Now he isn't a perfect one I will tell you, but who is? He is strong willed and has a very hard head. It is like pulling teeth to get him to say sorry sometimes (he gets that from his daddy). It is near impossible to change his mind about things too. Maybe all great characteristics for a little attorney in the making, but who knows. If you ask him today he will tell you that he wants to be an animal dentist.

We will take it one day at a time, for now I am just taking in enjoying my great little boy. I hope you like the slideshow. These are some of my favorite pics of Tyler in the past couple of years, and let me tell you, it's hard to pick so few :).

Monday, April 2, 2007

Monday Blues

I just cant get past how much Monday's down right suck. You would think after a life time of dealing with these said Monday's one could just bite the bullet and quit complaining. Maybe it's not my nature, because I for one, simply cannot do it.

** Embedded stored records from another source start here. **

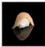
Окунь 130 рублей Суши с окунем 12/15 г 40 ккал
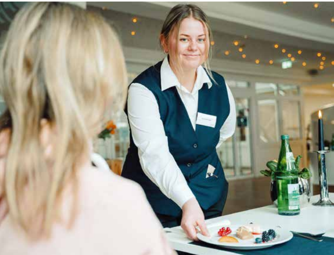
Angehende Helferin für das Gastgewerbe, hier im Bugenhagen-Ausbildungsbistro

Zwei Standorte, 50 Ausbildungsberufe, eine Prüfungserfolgsquote von 95 Prozent: Das BUGENHAGEN BERUFSBILDUNGSWERK in Timmendorfer Strand ist ein lebendiges Beispiel dafür, wie eine gut vernetzte Bildungsinstitution zu einem Partner von Unternehmen werden kann.
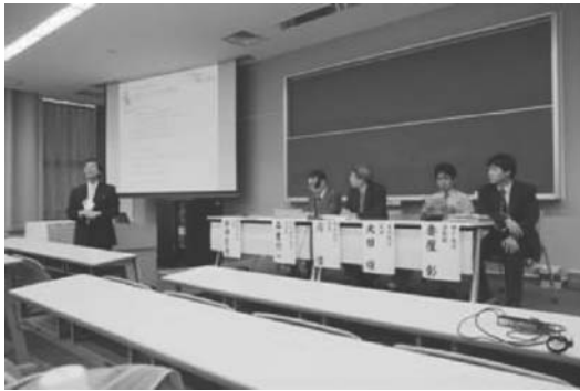
図 10 2009年精密工学会秋季大会シンポジウムの様子
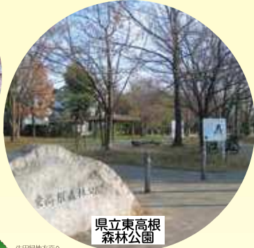
県立東高根森林公園
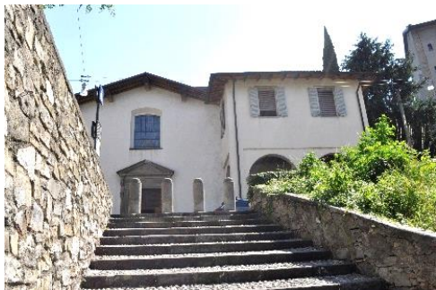
Scalinata di San Lorenzo

dare uno sguardo ai resti romani inglobati nel controverso ex albergo. Salita in Colle Aperto e poi via Beltrami con la polveriera e la lapide per la demolizione del 1907. Imbocchiamo via sotto le Mura di Sant'Alessandro, scendiamo per via Sottoripa e, per le vie San Vigilio e Al Castello, saliamo alla casa del Castellano. Il ritorno può effettuarsi in autonomia o in gruppo lungo via del Roccolino.
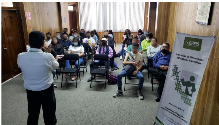
Universidad IVES, Xalapa, Ver.
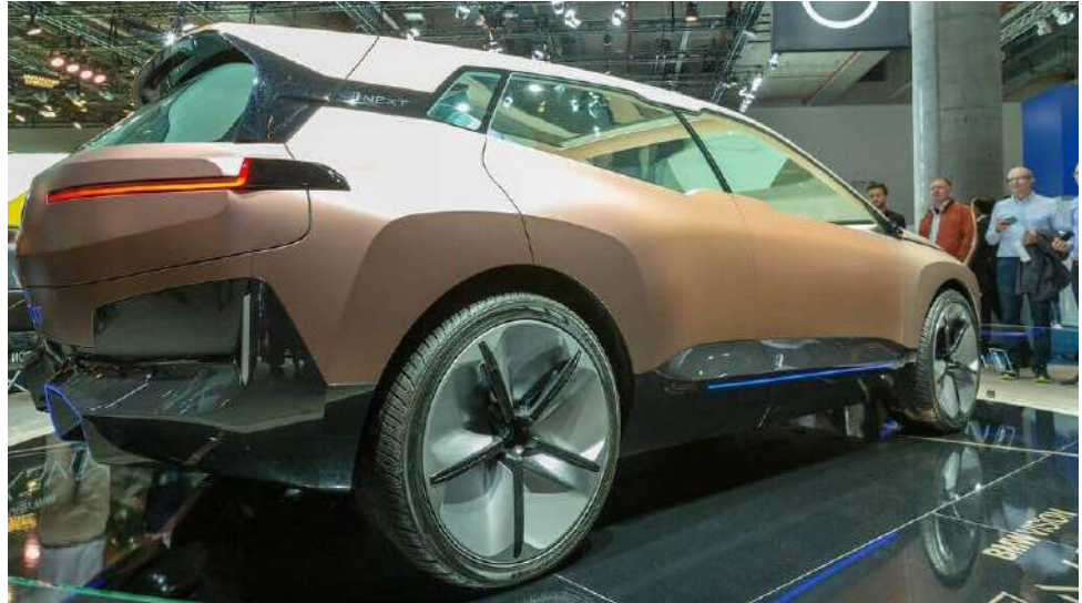
Imagen: Flickr , por Marco Verch. Detalles de la licencia.
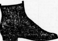
Herren-Leder-Besatzstiefel von Mk. 3.90 an,
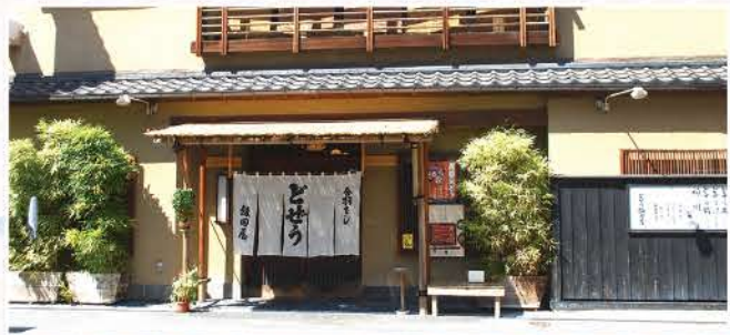
かっぱ橋通りに構える、和の風情漂う店
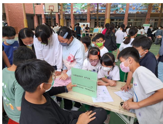
照片說明：學生認真看題闖關。
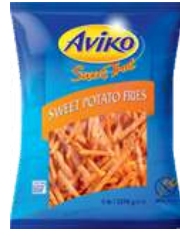
Premium Sweet Potato Fries 9,5mm
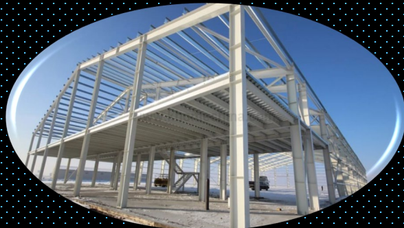
Workshop's & Warehouses

ISM PREFAB Fully customizable modified containers based on your requirements. With Heat-proof and waterproof design, Fully modular, can be moved and redeployed to other locations.
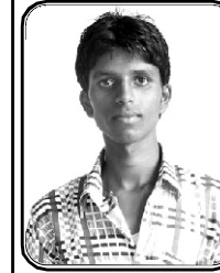
பெயர் நிலேஷ் நான்கு கிராமம் : ஹரேந்திரகட், இராஜ்
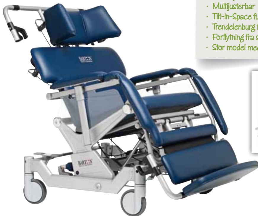
Justerbar nakkestøtte, fodhviler og armlæn
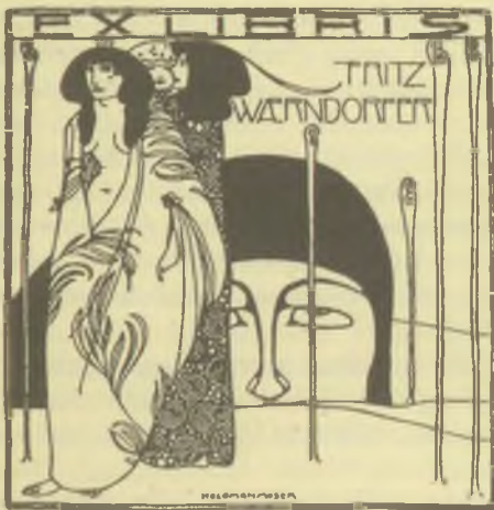
Koloman Moser: Ex libris Fritz Waerndorfer, 1903 /
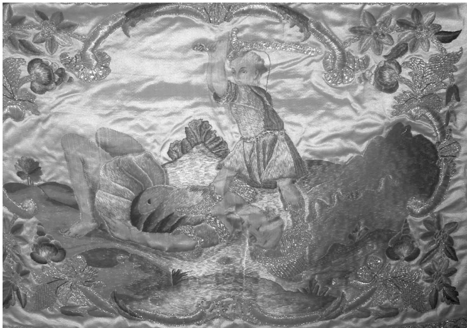
Figura 5: Terno conmemorativo del convento de San Joaquín y Santa Ana de Valladolid. Dalmática (detalla de la bocamanga izquierda).1787.

Oh I can gripe forever about it:

  • I miss my kids so much on Monday's I call them about five times! On some weeks, the sound of the morning alarm on a Monday can actually make me tear up to think that I have to leave them. I can't stop staring at their pictures in my office.
  • Other people must be ready to fight the world on Monday's because I tell you what, the phone simply doesn't stop ringing at the office and my desk looks like a war zone.
  • Ever wonder why the bed just feels so much better on a Monday morning? The tempature is just right, and the sheets feel like silk on your skin. (No wonder I can cry at the sound of the alarm. Here is another prime reason)
  • The weekend is just so far away!
  • Even though it rained on Saturday or Sunday when you were home, somehow God makes Monday's when you are back at the office absoultely gorgeous. Well, in his defense, maybe he is trying to cheer me up. :)

The lists goes on and on,but why hash it? Monday's arent going away and everyone, or certainly most of the human population, already know where I am coming from on this. Still, I cant help but wish it were already Friday.

So if you are feeling it the way I am, hang in there it is almost over. The good news is that it's a great day to be alive and I have that on my side and so many other things, which of course, are just foggy on Monday's.